At thirty-thousand feet, I was reading about destruction. I admit: it’s not the most pleasant subject matter for someone who’s facing her fear by confronting it. But I needed a plan, before landing, for how I could burn away everything that had been holding me back: frustrated relationships, insecurity about my career path, a temporary creative block.

With nothing but atmosphere between me and the Earth, I was studying Awakening Shakti, a book that introduces readers to female Hindu goddess. Kali, I was learning, is a goddess who represents creation and renewal, which can only happen when a person destroys whatever is keeping her from growth. In New Jersey, my origin, my heart and creative energy had become as lifeless and cold as the mid-January freeze.

When I landed at Los Angeles International Airport, where the temperature was about 40 degrees warmer than in Newark, I picked up a rented Hyundai Sonata and anticipated spending the next few days like a child’s lost and forgotten summer toy – a miniature water gun, perhaps – captured in a block of ice, waiting for the heat to melt it into being. I could go anywhere and be anything without answering to anyone.

I peeled off the layers – a scarf, a sweater, and heavy socks – that had kept me warm that morning and on the air-conditioned plane, and I considered what to do with my new sense of weightlessness. Hungry, I decided my first stop would be Veggie Grill, a plant-based fast food chain with locations throughout California, Oregon, and Washington. As a vegan, I wanted to take this trip partly so that I could indulge in all the best vegan food that Los Angeles has to offer. I wanted to celebrate, in abundance, my decision to be vegan, a choice that many assumed was limiting.

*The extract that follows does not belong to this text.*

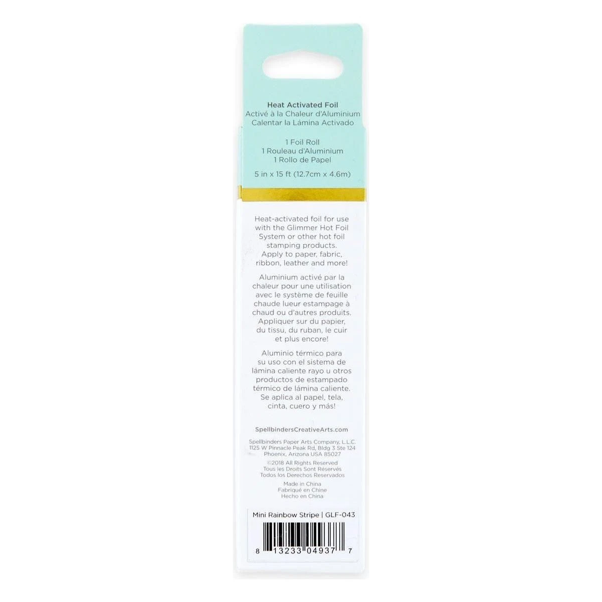 Glimmer Hot Foil Roll Mini Rainbow Stripe comes in a 15-foot roll and a width of five-inches.

When I arrived at the restaurant, I couldn’t believe how many people were eating lunch at a restaurant with a meatless menu; all tables were occupied. After ordering a “quinoa power salad,” I sat down at a table that had just cleared and waited.

Suddenly, I felt a tap on my shoulder. In the moment before I turned around, I guessed that the person tapping me might be another solo diner, hoping to share my table in the crowded space. Or had I forgotten to take my change from the cashier? I faced the stranger.

“Are you Laryssa?”

I squinted at the dark-haired young man. He was wearing a black hooded sweatshirt
and jeans. I tried so hard to place him in my memory that I could almost feel my hippocampus groan.

“Yes, that’s me,” I said.

Who, so far away from my home, would recognize me? I was trying to be something different here, to shed my East Coast identity. Obviously I was still carrying its weight.

“Do I know you?”

“We follow each other on Instagram,” he said.

Instagram is a social media community where I post photos of vegan food and other miscellany. To myself, I call it “Veganland” because nearly every one of the 1,000 users I follow is vegan. Whenever I feel alone, I can open the iPhone app and, as I scroll through photo after photo of vegan dishes, can pretend that our planet is a cruelty-free utopia.
But I didn’t recognize his face from any of the 110×110 pixel profile photos I had associated with people’s Instagram handles.

“What’s your username?”

“Spencer – “

“Oh!” I interrupted.

We chatted for a few minutes, and he hugged me: the perfect welcome. I learned that my Instafriend Spencer was visiting Los Angeles for the day to protest with an animal rights activist group from San Diego.

When he left, his absence made me feel as if my cover had been blown – what are the chances that someone would recognize me from my own square profile photo? I wouldn’t be to begin this trip as someone completely new, removed from my past failures and frustrations. But I realized, between bites of my quinoa salad at Veggie Grill, where I was surrounded by people who were actively making the same ethical choices I make, that I’m in good company, not only in a vegan fast-food establishment but wherever I am.

I wouldn’t have to be alone to burn away my past identities. Instead, I would soften myself to allow connection, which is the only way I’d be able to learn about new possibilities and opportunities, to gain insight into the person I am and who I want to be. When I stepped into the parking lot, I felt a dampness above my upper lip. The sun was at its highest point, and I was sweating.